Listed records Block Start

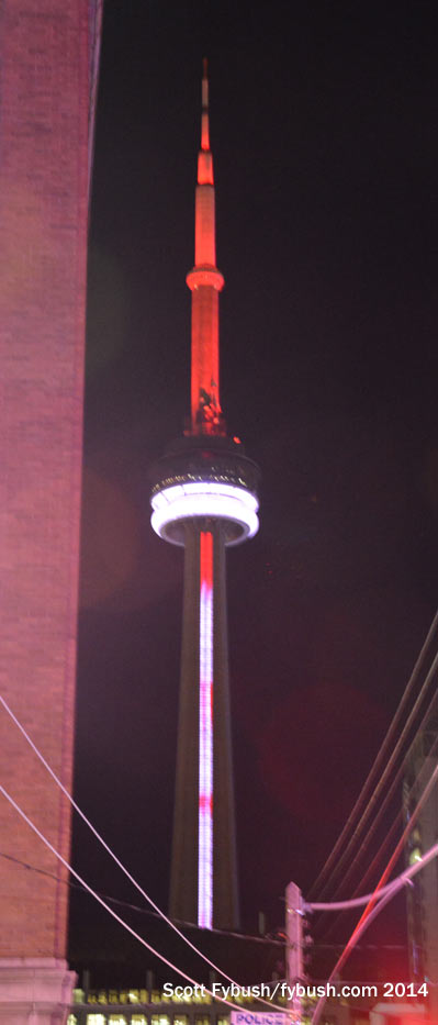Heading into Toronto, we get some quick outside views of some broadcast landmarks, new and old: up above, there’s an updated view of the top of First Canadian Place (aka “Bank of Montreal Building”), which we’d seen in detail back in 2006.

Listed records Block End
Listed records Block Start

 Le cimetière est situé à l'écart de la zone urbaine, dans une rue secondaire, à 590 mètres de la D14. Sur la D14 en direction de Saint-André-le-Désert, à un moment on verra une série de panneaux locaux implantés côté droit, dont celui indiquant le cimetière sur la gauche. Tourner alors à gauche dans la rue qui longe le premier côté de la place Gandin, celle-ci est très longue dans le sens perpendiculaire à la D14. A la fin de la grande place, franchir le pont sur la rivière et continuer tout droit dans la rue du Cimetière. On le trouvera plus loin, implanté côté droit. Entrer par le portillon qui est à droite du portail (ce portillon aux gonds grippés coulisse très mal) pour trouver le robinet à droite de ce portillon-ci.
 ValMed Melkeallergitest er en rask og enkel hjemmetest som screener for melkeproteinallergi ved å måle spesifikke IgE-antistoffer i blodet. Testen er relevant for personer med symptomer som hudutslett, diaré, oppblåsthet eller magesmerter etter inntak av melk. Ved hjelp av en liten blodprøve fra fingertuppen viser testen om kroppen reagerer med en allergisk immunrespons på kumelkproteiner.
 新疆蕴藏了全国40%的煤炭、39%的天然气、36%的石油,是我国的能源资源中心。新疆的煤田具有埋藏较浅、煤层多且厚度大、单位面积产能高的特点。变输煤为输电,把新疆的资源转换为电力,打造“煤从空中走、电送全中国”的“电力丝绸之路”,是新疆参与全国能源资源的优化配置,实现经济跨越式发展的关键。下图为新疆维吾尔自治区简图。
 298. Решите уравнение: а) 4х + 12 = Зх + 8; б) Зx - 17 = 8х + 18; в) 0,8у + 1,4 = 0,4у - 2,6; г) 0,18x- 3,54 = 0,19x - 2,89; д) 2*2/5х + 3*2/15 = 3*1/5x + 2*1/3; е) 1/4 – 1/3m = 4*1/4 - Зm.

Listed records Block End
Listed records Block Start

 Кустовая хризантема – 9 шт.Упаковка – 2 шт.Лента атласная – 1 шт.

Listed records Block End

The lines above starting at the one that contains "ValMed Melkeallergitest er" and ending at the one that contains "298. Решите уравнение: а)" must be transcribed exactly, and no other lines may appear.

 ValMed Melkeallergitest er en rask og enkel hjemmetest som screener for melkeproteinallergi ved å måle spesifikke IgE-antistoffer i blodet. Testen er relevant for personer med symptomer som hudutslett, diaré, oppblåsthet eller magesmerter etter inntak av melk. Ved hjelp av en liten blodprøve fra fingertuppen viser testen om kroppen reagerer med en allergisk immunrespons på kumelkproteiner.
 新疆蕴藏了全国40%的煤炭、39%的天然气、36%的石油,是我国的能源资源中心。新疆的煤田具有埋藏较浅、煤层多且厚度大、单位面积产能高的特点。变输煤为输电,把新疆的资源转换为电力,打造“煤从空中走、电送全中国”的“电力丝绸之路”,是新疆参与全国能源资源的优化配置,实现经济跨越式发展的关键。下图为新疆维吾尔自治区简图。
 298. Решите уравнение: а) 4х + 12 = Зх + 8; б) Зx - 17 = 8х + 18; в) 0,8у + 1,4 = 0,4у - 2,6; г) 0,18x- 3,54 = 0,19x - 2,89; д) 2*2/5х + 3*2/15 = 3*1/5x + 2*1/3; е) 1/4 – 1/3m = 4*1/4 - Зm.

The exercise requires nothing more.